Friday, March 13 (was previously March 6)
Friday, May 15 (was previously May 8)
Volunteers Needed for 2020-21
We are looking for volunteers to oversee the many fabulous roles and committees such as Friday Night Lights, Auction, Book Fair, and many more. The grade parent roles also need to be filled. There are lots of opportunities with varying levels of commitment. If you are interested in volunteering for something specific or wish to learn more, please contact any of the PA executive team or send an email to email@example.com.
Free KIBO Robotics Play Sessions
Session A: February 18-19 from 9 a.m. to 12:30 p.m.
Session B: February 20-21 from 9 a.m. to 12:30 p.m.
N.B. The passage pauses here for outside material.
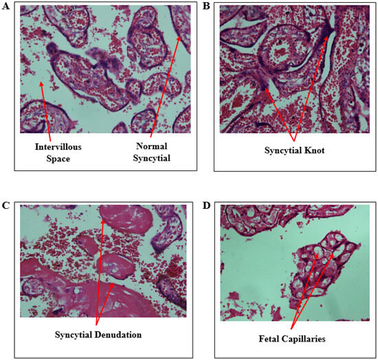 Micrographs of Salmonella Typhi-exposed and unexposed placentae. (A)—control with normal syncytial, (B)—syncytial knot, (C)—syncytial denudation, and (D)—foetal capillaries and intervillous space.

Tufts University’s DevTech Research Group in Medford will host a free two-day KIBO robotics lesson and play session for 5- to 7-year olds who have previous experience with KIBO. Their participation will be part of an ongoing study trying to understand the relationship between children’s programming skills and their language ability. For more information and to sign up, click here.
STEM Summer Scholarships
Digital Media Academy is offering hundreds of scholarships for students ages 9 to 18 to attend summer STEM programs in 2020. Digital Media Academy is the leading provider of STEM education in North America, delivering hands-on, project-based learning experiences with industry-standard programs and equipment. Founded at Stanford in 1999 and now based at Harvard, the organization has over 20 years of experience in STEM education. Scholarship opportunities inspire a lifelong passion and career in the technology sector. For more information and to apply, click here.
Friday, February 14, 7:30 to 8:30 p.m.
Phillips Academy, Andover
Through her activism and scholarship over the last decades, Angela Davis has been deeply involved in our nation’s quest for social justice. Her work as an educator—both at the university level and in the larger public sphere—has always emphasized the importance of building communities of struggle for economic, racial, and gender justice. Davis teaches at the University of California, Santa Cruz where she is the Distinguished Professor Emerita of History of Consciousness, an interdisciplinary PhD program, and of Feminist Studies. This event is free and open to the public. For more information, click here.
Learning to Negotiate
Saturday, February 8, 9 a.m. to 12 p.m.
Moms As Mentors is offering a free half-day workshop on the critical skill of negotiation at the Tobin Beaudet Schools in Needham. Moms as Mentors believe moms who are more comfortable negotiating on their own behalf will be even better equipped to raise confident girls. This is a workshop is for adults only.